→ **How to complete this task**: Beginning with the line that includes "A compact and" and ending with the last line of the entries below, set down each line exactly; include no pictures.

#### Provided information ####

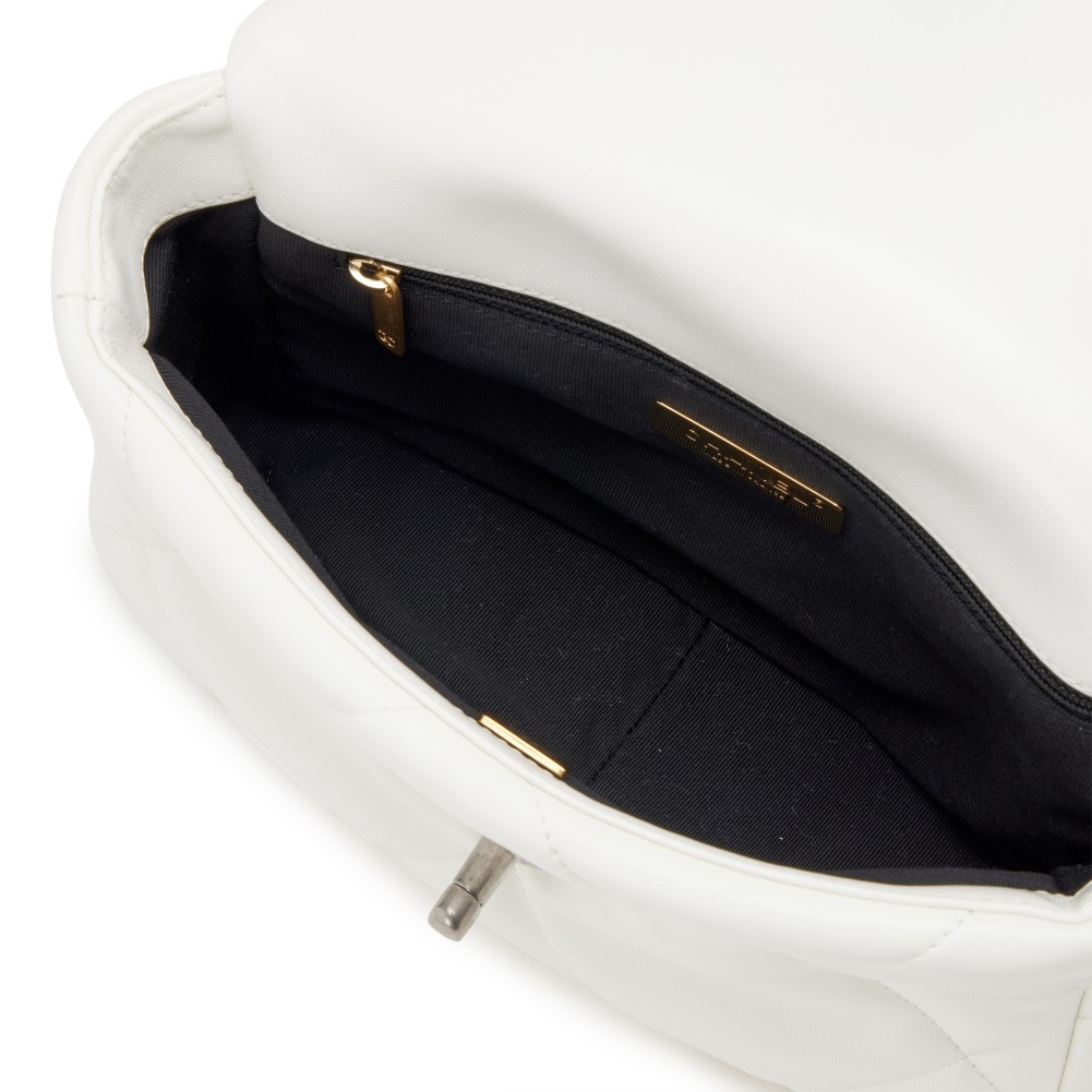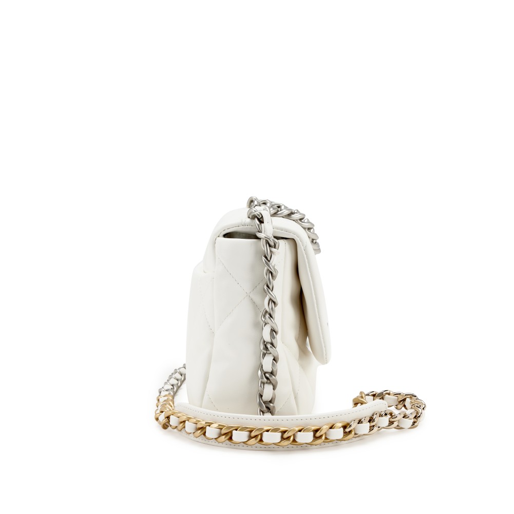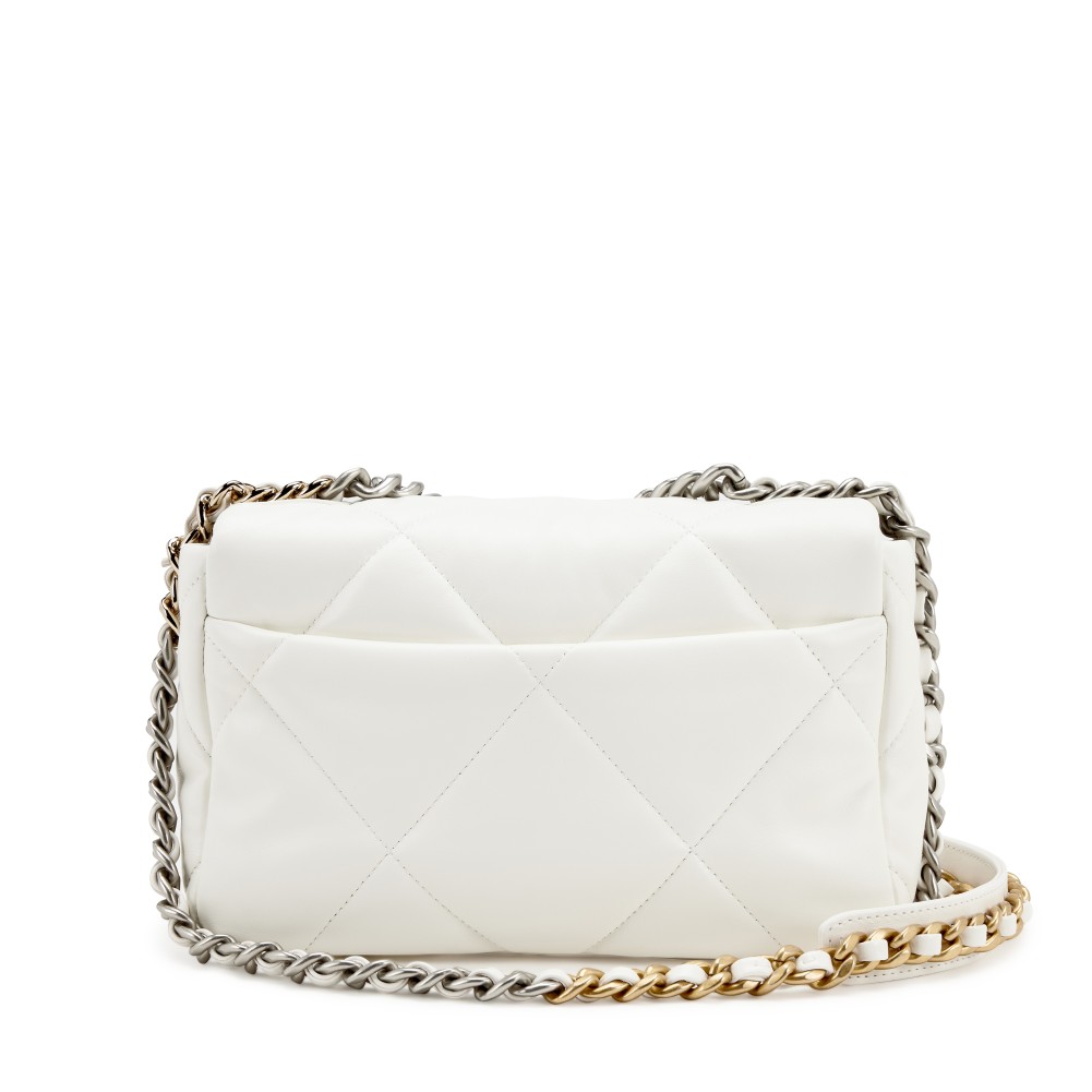White Quilted Goatskin Medium 19 Flap Brushed Gold and Silver Hardware, 2022
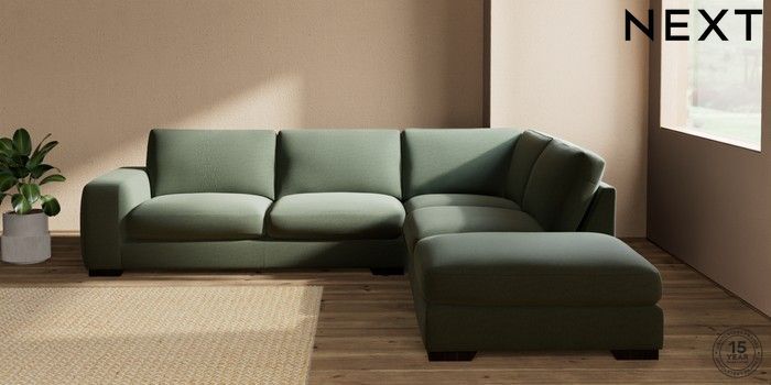 7.2.10 Houghton Deep Sit Large Open End Corner Chaise - Right Hand Relaxed Linen Look Dark Green Large Square Angle - Dark | Made Click here to use our website with more accessibility support, for example screen readers
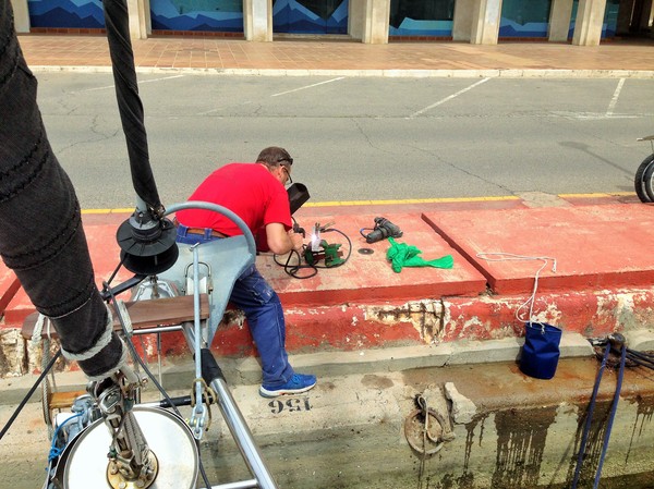 Något värt att nämna om Almerimar är hamnpriserna. Här ligger vi för 6 euro plus VAT per natt. Elen får vi betala uppå, vilket vi inte gör utan låter solpanelerna sköta jobbet. Nu laddas det ner så mycket kräm i batteribanken så Kapten om dagarna kan såväl svetsa och använda vinkelslipen utan landström. Just nu håller han på med ett litet ”projekt”. Uppfinnar-jocke är i farten och vi har anledning att återkomma längre fram.
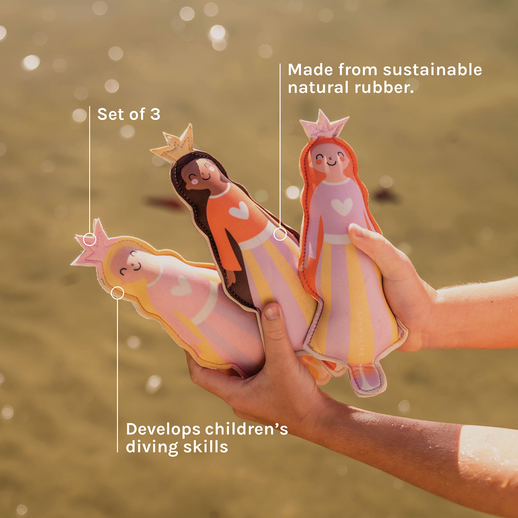 Dive deep into summer with the cutest swimming accessories. The Princess Swan Dive Buddies are designed to encourage little ones to build confidence in the water and develop their diving skills, as well as inspiring imaginative waterplay with friends. Suitable for all skill levels and sure to put a smile on your child's face. Make a splash and experience the best of summer with this set of 3 majestic princess buddies washed over by golden yellow, lilac, and cream and a hint of sweet pink.
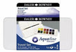 A compact and convenient pocket sized set with 12 colours, a travel brush and mixing palette on the lid. Includes : Lemon Yellow, Hookers Green, Gamboge, Yellow Ochre, Cad Red, Raw Sienna, Alizarin Crimson Hue, Light Red, Cobalt Hue, Burnt Sienna, Ultramarine Blue and Paynes Grey.
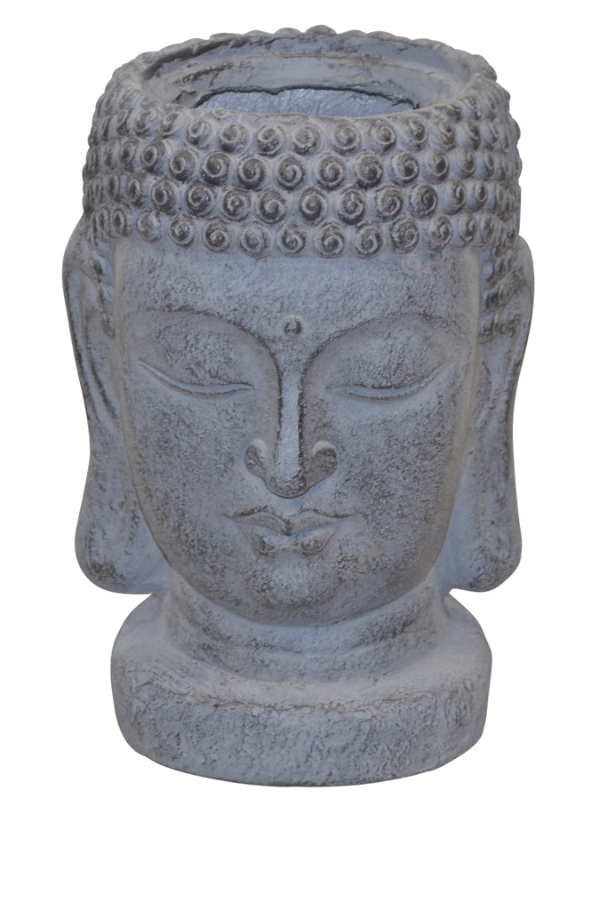Pot de fleurs décoratif tête de Bouddha – Polyresin gris 34 cm DEC050057

####

→ **Exercise output**:
 A compact and convenient pocket sized set with 12 colours, a travel brush and mixing palette on the lid. Includes : Lemon Yellow, Hookers Green, Gamboge, Yellow Ochre, Cad Red, Raw Sienna, Alizarin Crimson Hue, Light Red, Cobalt Hue, Burnt Sienna, Ultramarine Blue and Paynes Grey.
Pot de fleurs décoratif tête de Bouddha – Polyresin gris 34 cm DEC050057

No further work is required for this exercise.